Nel loro nuovo lavoro, il team di ricerca di Google ha utilizzato una variante del framework SimCLR chiamata Multi-Instance Contrastive Learning (MICLe), che apprende rappresentazioni più forti utilizzando più immagini della stessa condizione. Questo è spesso il caso dei set di dati medici, in cui sono presenti più immagini dello stesso paziente, anche se le immagini potrebbero non essere annotate per l’apprendimento supervisionato.

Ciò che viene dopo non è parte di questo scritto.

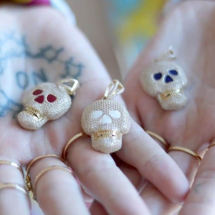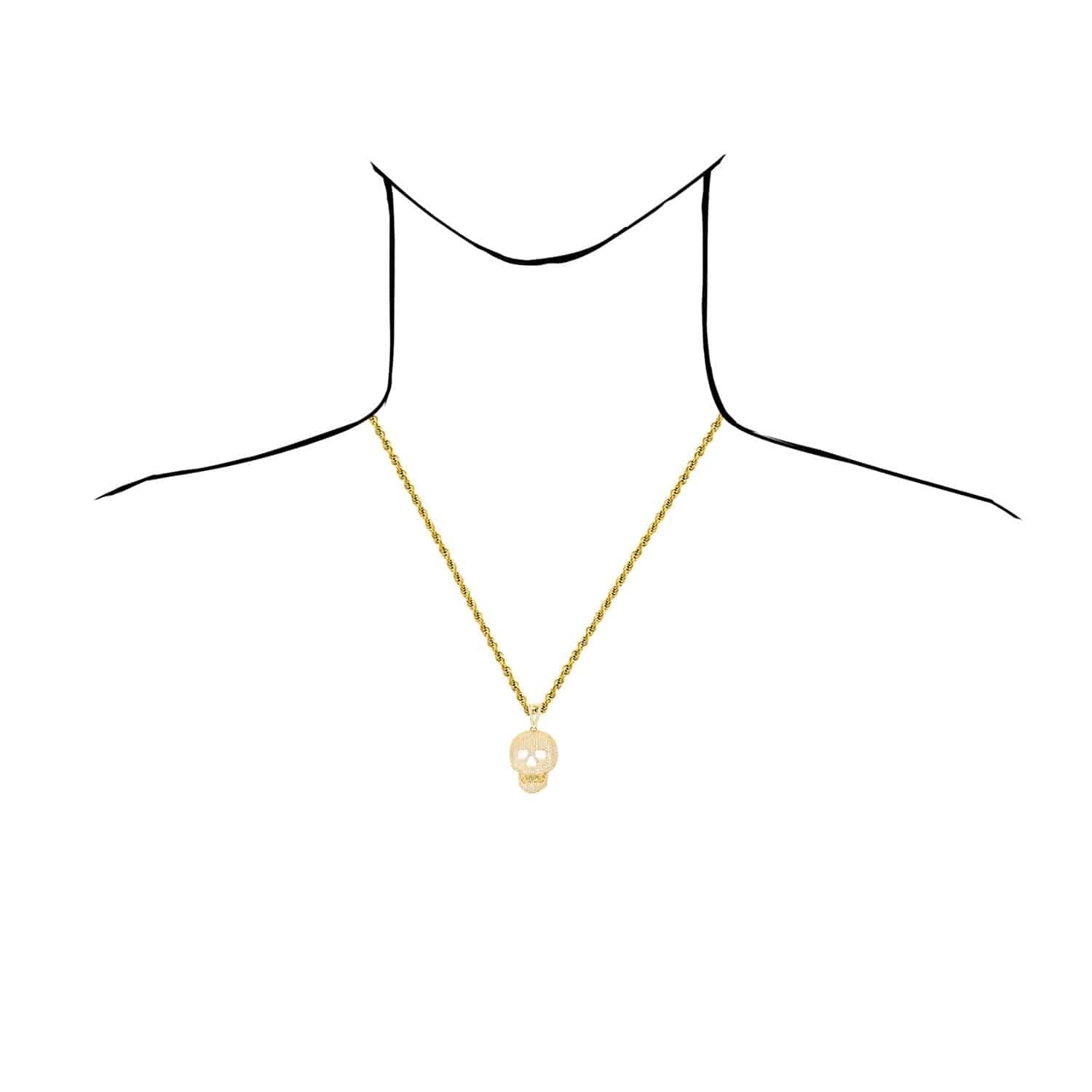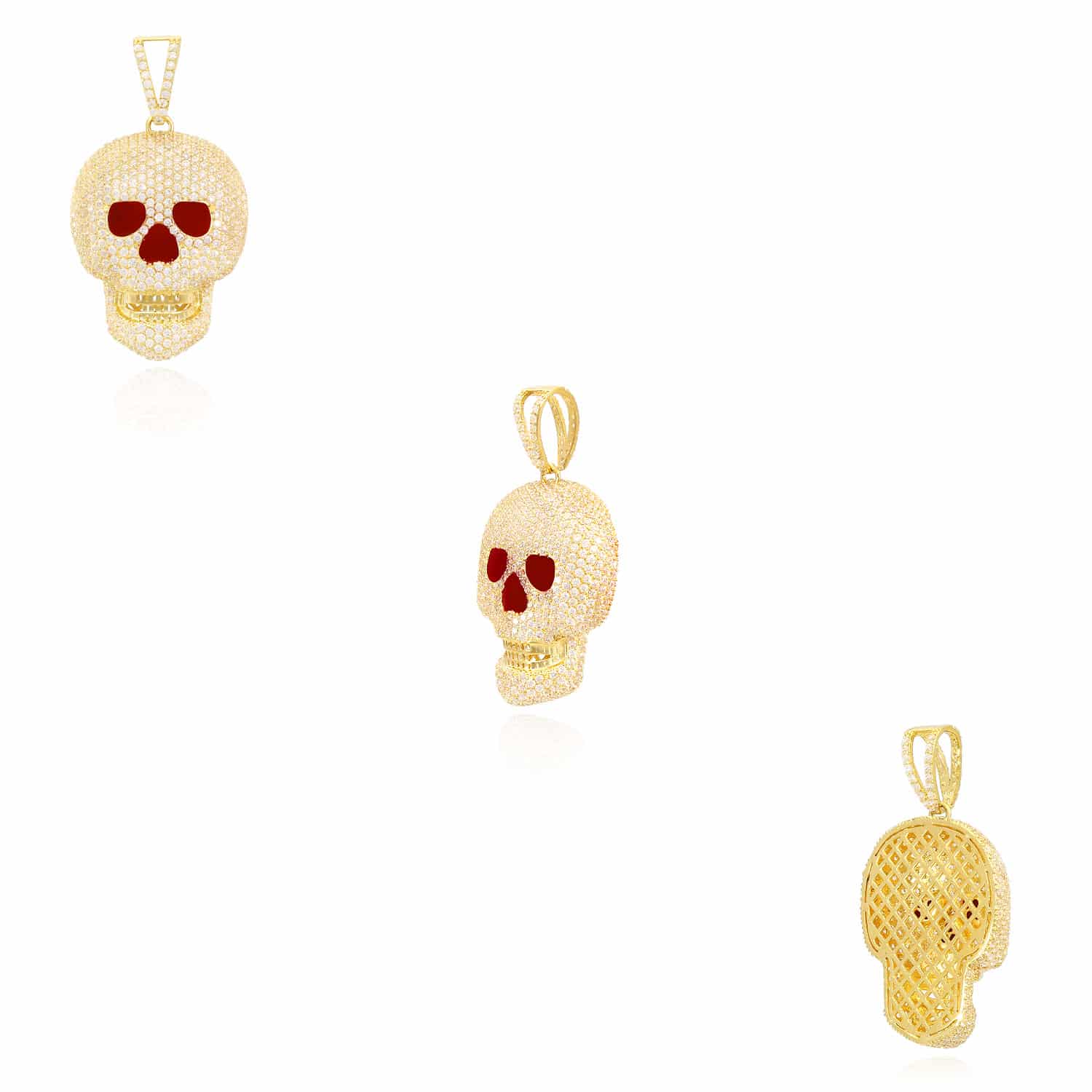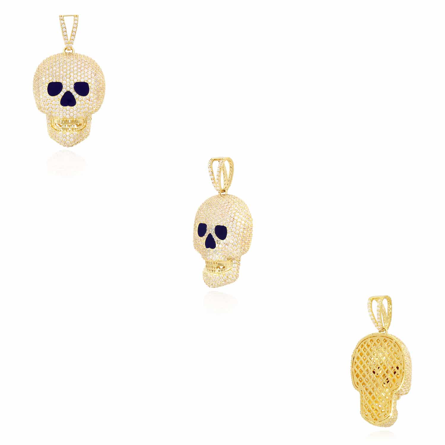 Read full return policy14K Yellow Gold CZ Pave Iced Out Classic Skull Pendant 1.6"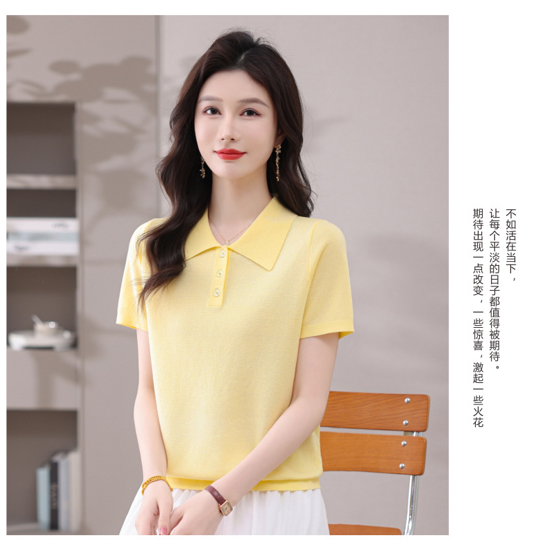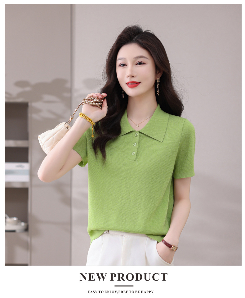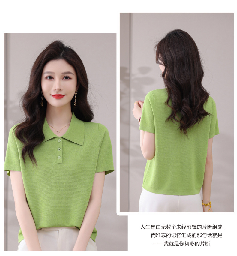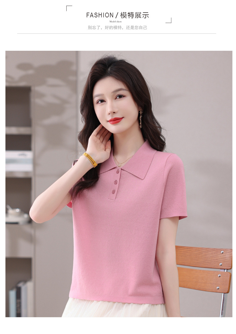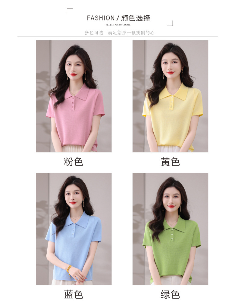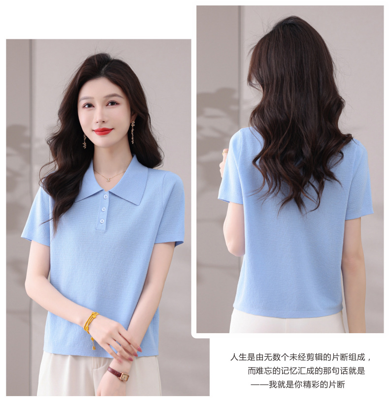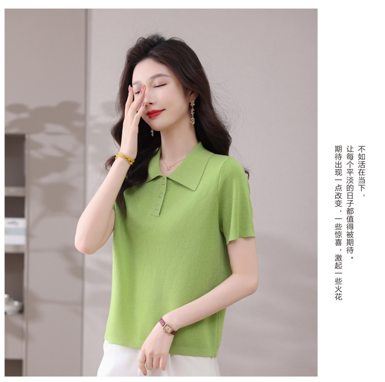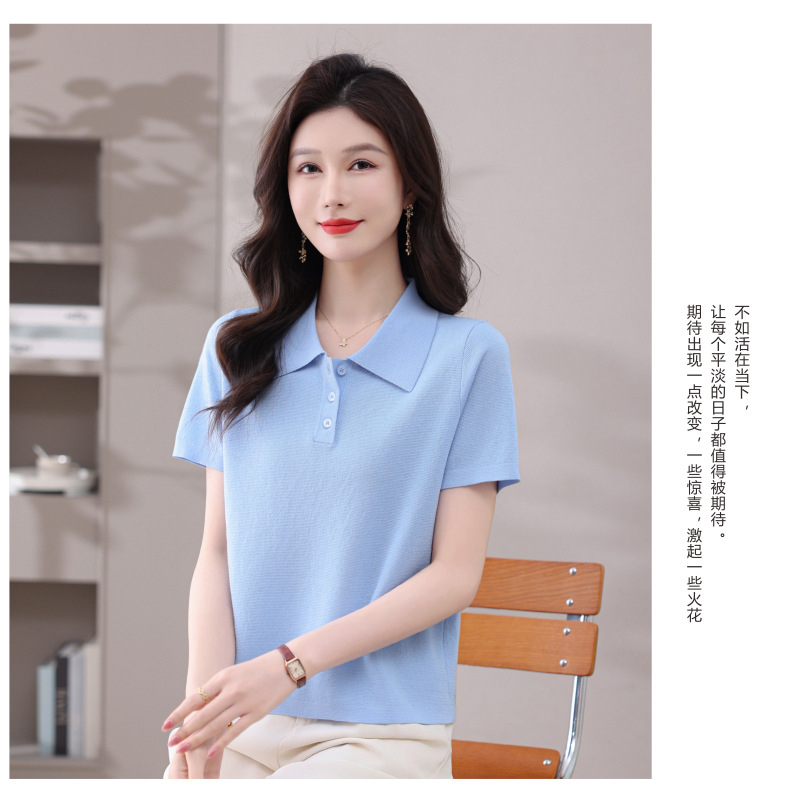 CC-101-31802时尚天丝翻领短袖t恤女2025新款夏季薄款莱赛尔显瘦减龄针织上衣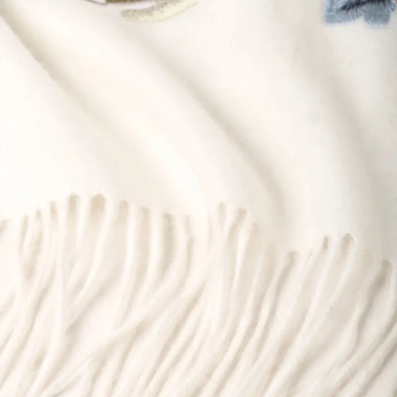 Embroidery Premium 100% Wool Cashmere Scarf Hydrangea Peony Pattern 200 x 70 cm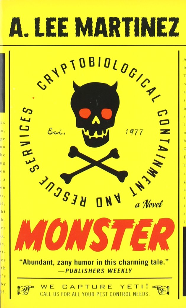 Esta novela de fantasía es otra de mis adquisiciones en la liquidación de ABC Libros. ¿Que qué me hizo comprarlo? Miren la portada amarillo chillón con el anuncio de "Servicio de Salvamento y Captura Criptobiológica". ¿No les llama eso la atención? Fuí como una mosca a la miel.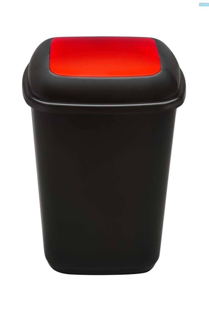 Modern plastic trash can with a volume of 45 l made of black plastic for sorted waste with a red flap in the lid. The lid with spring is removable. The trash can is marked with a sticker (can be peeled off). Resale of stock.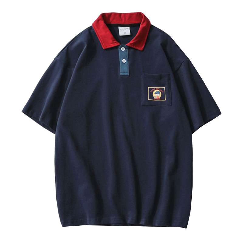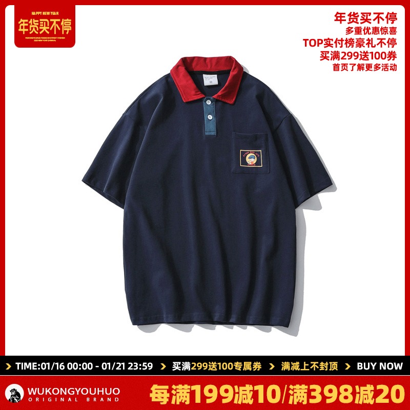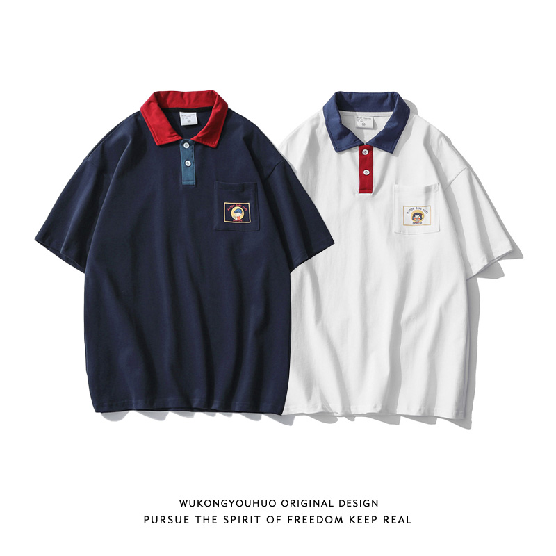 Wukong has goods, Japanese simple short-sleeved polo shirt men's Tide brand loose couple leisure Joker lapel half sleeve t-shirt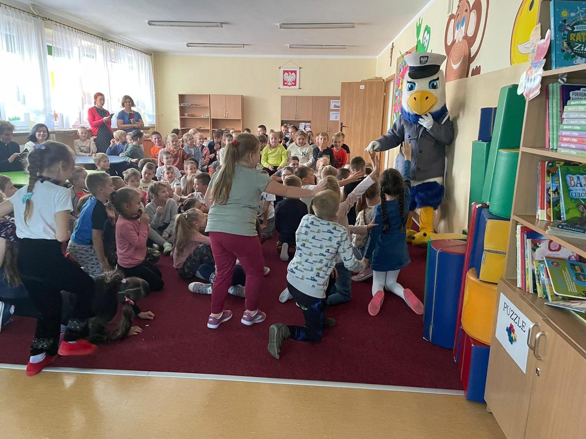 Dzieci biorące udział w spotkaniu z radością przyjęły policjantów wraz z komisarzem Inkiem, który wśród dzieci wywoływał uśmiech i zadowolenie. Przedszkolaki bardzo uważnie słuchały i chętnie zadawały pytania. Po przeprowadzonej prelekcji oraz odpowiedziach na pytania najmłodszych przyszedł czas na przytulanie się do „INKA”.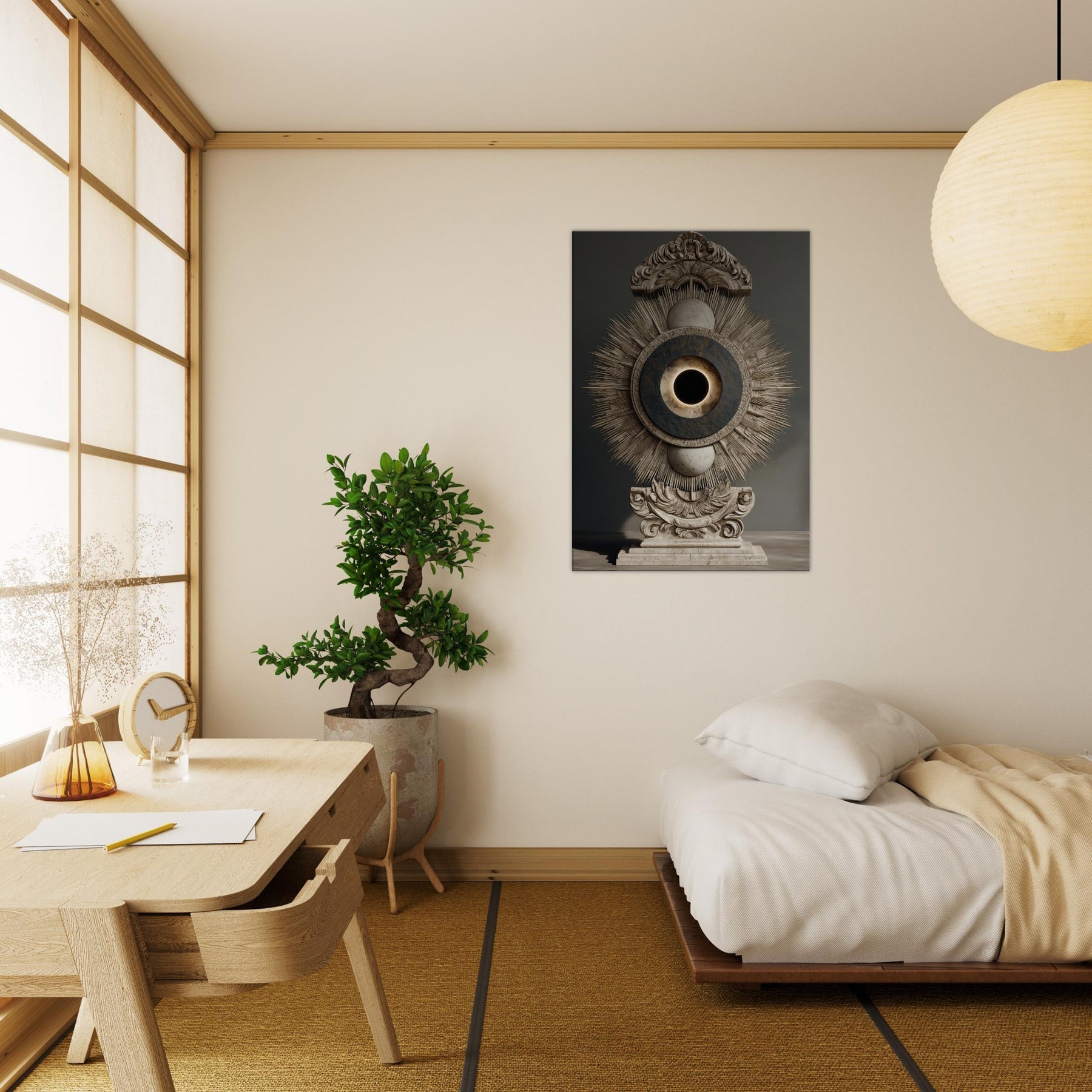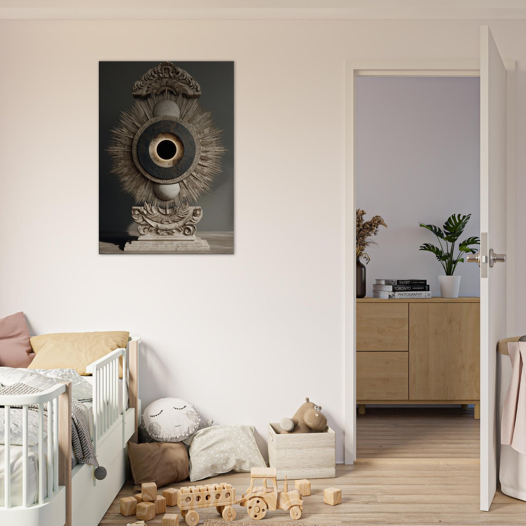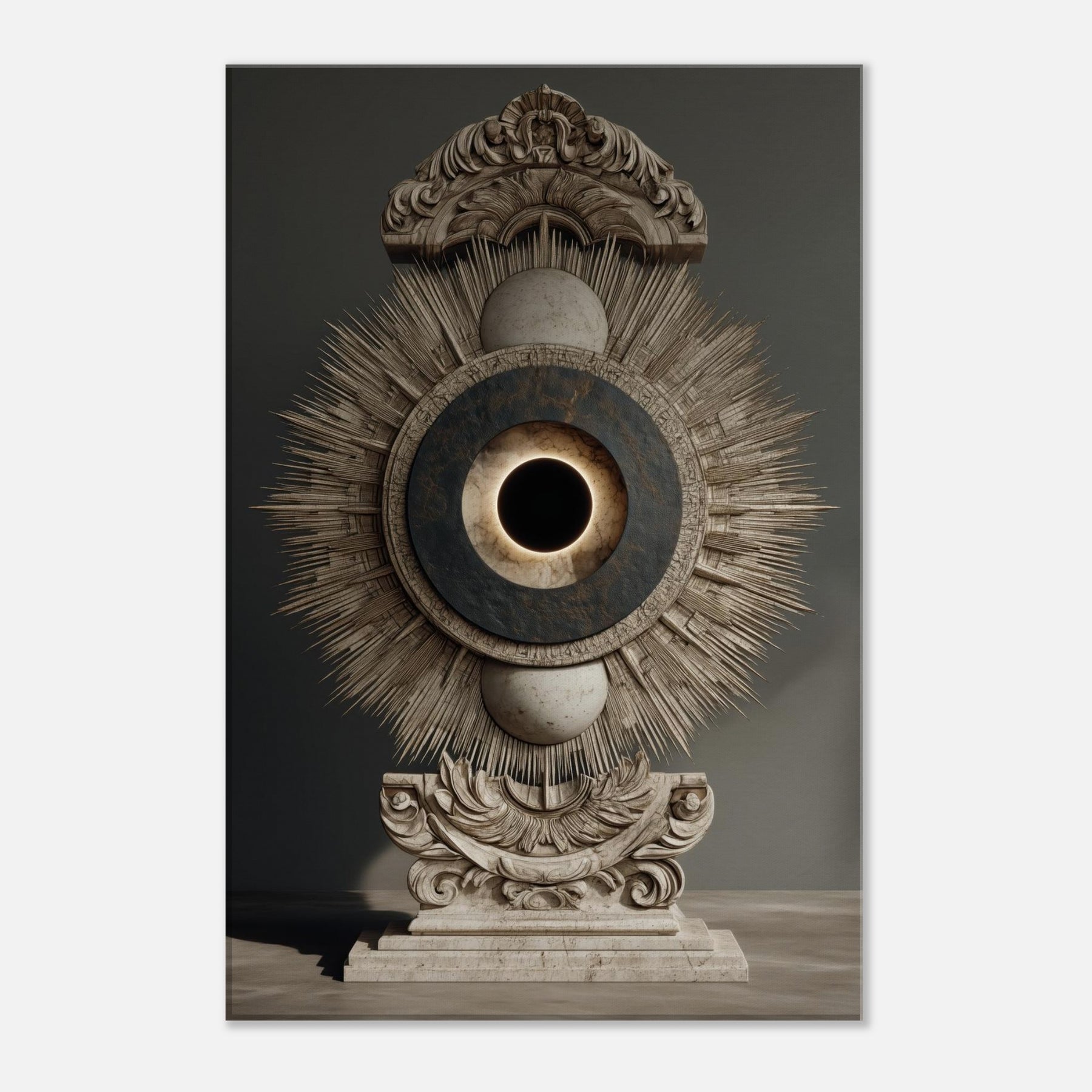 Moon Phases unfolds as a celestial reliquary, where a radiant sunburst encloses a quiet lunar core. Its surreal composition exudes a hushed, meditative glow that softens surfaces and invites contemplative breath. Place it where you seek quiet magic above a sofa, in a hallway, or beside your bed and watch the room breathe with a mystical cadence, as the phases of the moon encourage slow, luminous evenings and a sense of timeless wonder.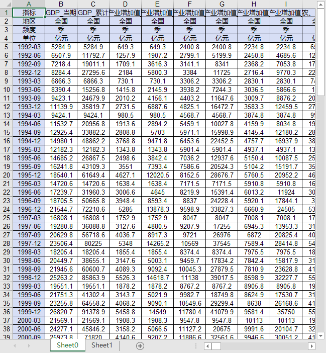 指标 GDP_当期 GDP_累计 第一产业增加值_当期 第一产业增加值_累计 第二产业增加值_当期 第二产业增加值_累计 第三产业增加值_当期 第三产业增加值_累计 行业增加值_农、林、牧、渔业_当期 行业增加值_农、林、牧、渔业_累计 工业增加值_当期 工业增加值_累计 行业增加值_制造业_当期 行业增加值_制造业_累计 行业增加值_建筑业_当期 行业增加值_建筑业_累计 行业增加值_批发和零售业_当期 行业增加值_批发和零售业_累计 行业增加值_交通运输、仓储和邮政业_当期 行业增加值_交通运输、仓储和邮政业_累计 行业增加值_住宿和餐饮业_当期 行业增加值_住宿和餐饮业_累计 行业增加值_金融业_当期 行业增加值_金融业_累计 行业增加值_房地产业_当期 行业增加值_房地产业_累计 行业增加值_信息传输、软件和信息技术服务业_当期 行业增加值_信息传输、软件和信息技术服务业_累计 行业增加值_租赁和商务服务业_当期 行业增加值_租赁和商务服务业_累计 行业增加值_其他行业_当期 行业增加值_其他行业_累计 GDP(不变价)_当期 GDP(不变价)_累计 第一产业增加值(不变价)_当期 第一产业增加值(不变价)_累计 第二产业增加值(不变价)_当期 第二产业增加值(不变价)_累计 第三产业增加值(不变价)_当期 第三产业增加值(不变价)_累计 GDP增长指数(上年同期=100)_当期 GDP增长指数(上年同期=100)_累计 第一产业增加值增长指数(上年同期=100)_当期 第一产业增加值增长指数(上年同期=100)_累计 第二产业增加值增长指数(上年同期=100)_当期 第二产业增加值增长指数(上年同期=100)_累计 第三产业增加值增长指数(上年同期=100)_当期 第三产业增加值增长指数(上年同期=100)_累计 行业增加值增长指数(上年同期=100)_农、林、牧、渔业_当期 行业增加值增长指数(上年同期=100)_农、林、牧、渔业_累计 工业增加值增长指数(上年同期=100)_当期 工业增加值增长指数(上年同期=100)_累计 行业增加值增长指数(上年同期=100)_制造业_当期 行业增加值增长指数(上年同期=100)_制造业_累计 行业增加值增长指数(上年同期=100)_建筑业_当期 行业增加值增长指数(上年同期=100)_建筑业_累计 行业增加值增长指数(上年同期=100)_批发和零售业_当期 行业增加值增长指数(上年同期=100)_批发和零售业_累计 行业增加值增长指数(上年同期=100)_交通运输、仓储和邮政业_当期 行业增加值增长指数(上年同期=100)_交通运输、仓储和邮政业_累计 行业增加值增长指数(上年同期=100)_住宿和餐饮业_当期 行业增加值增长指数(上年同期=100)_住宿和餐饮业_累计 行业增加值增长指数(上年同期=100)_金融业_当期 行业增加值增长指数(上年同期=100)_金融业_累计 行业增加值增长指数(上年同期=100)_房地产业_当期 行业增加值增长指数(上年同期=100)_房地产业_累计 行业增加值增长指数(上年同期=100)_信息传输、软件和信息技术服务业_当期 行业增加值增长指数(上年同期=100)_信息传输、软件和信息技术服务业_累计 行业增加值增长指数(上年同期=100)_租赁和商务服务业_当期 行业增加值增长指数(上年同期=100)_租赁和商务服务业_累计 行业增加值增长指数(上年同期=100)_其他行业_当期 行业增加值增长指数(上年同期=100)_其他行业_累计 GDP_当期环比增速 最终消费支出对GDP的贡献率_当期 最终消费支出对GDP的贡献率_累计 资本形成总额对GDP的贡献率_当期 资本形成总额对GDP的贡献率_累计 货物和服务净出口对GDP的贡献率_当期 货物和服务净出口对GDP的贡献率_累计 GDP贡献率_当期 GDP贡献率_累计 第一产业对GDP的贡献率_当期 第一产业对GDP的贡献率_累计 第二产业对GDP的贡献率_当期 第二产业对GDP的贡献率_累计 第三产业对GDP的贡献率_当期 第三产业对GDP的贡献率_累计 居民消费支出中货物消费占比_累计 居民消费支出中服务消费占比_累计

“I dati non etichettati sono spesso disponibili in grandi quantità in vari ambiti medici. Una differenza importante è che utilizziamo più visualizzazioni della patologia sottostante comunemente presente nei set di dati di imaging medico per costruire coppie di immagini per l’apprendimento auto-supervisionato contrastivo “, ha affermato Azizi.
Quando un modello di deep learning auto-supervisionato viene addestrato su diversi angoli di visualizzazione dello stesso target, apprende più rappresentazioni che sono più robuste ai cambiamenti nel punto di vista, nelle condizioni di imaging e altri fattori che potrebbero influire negativamente sulle sue prestazioni.
Mettere tutto insieme
Il framework di apprendimento auto-supervisionato utilizzato dai ricercatori di Google prevedeva tre passaggi. Innanzitutto, la rete neurale di destinazione è stata addestrata su esempi dal set di dati ImageNet utilizzando SimCLR. Successivamente, il modello è stato ulteriormente addestrato utilizzando MICLe su un set di dati medici che ha più immagini per ciascun paziente. Infine, il modello viene messo a punto su un set di dati limitato di immagini etichettate per l’applicazione di destinazione.
I ricercatori hanno testato la struttura su due compiti di interpretazione di dermatologia e radiografia del torace. Rispetto al pre-addestramento supervisionato, il metodo auto-supervisionato fornisce un miglioramento significativo dell’accuratezza, dell’efficienza dell’etichetta e della generalizzazione fuori distribuzione dei modelli di imaging medico, che è particolarmente importante per le applicazioni cliniche. Inoltre, richiede dati molto meno etichettati.
“Utilizzando l’apprendimento auto-supervisionato, dimostriamo che possiamo ridurre significativamente la necessità di costosi dati annotati per costruire modelli di classificazione delle immagini mediche”, ha affermato Azizi. In particolare, nell’attività di dermatologia, sono stati in grado di addestrare le reti neurali in modo che corrispondano alle prestazioni del modello di base utilizzando solo un quinto dei dati annotati.
“Si spera che questo si traduca in un notevole risparmio di costi e tempo per lo sviluppo di modelli di IA medica. Speriamo che questo metodo ispiri esplorazioni in nuove applicazioni sanitarie in cui l’acquisizione di dati annotati è stata impegnativa”, ha affermato Azizi.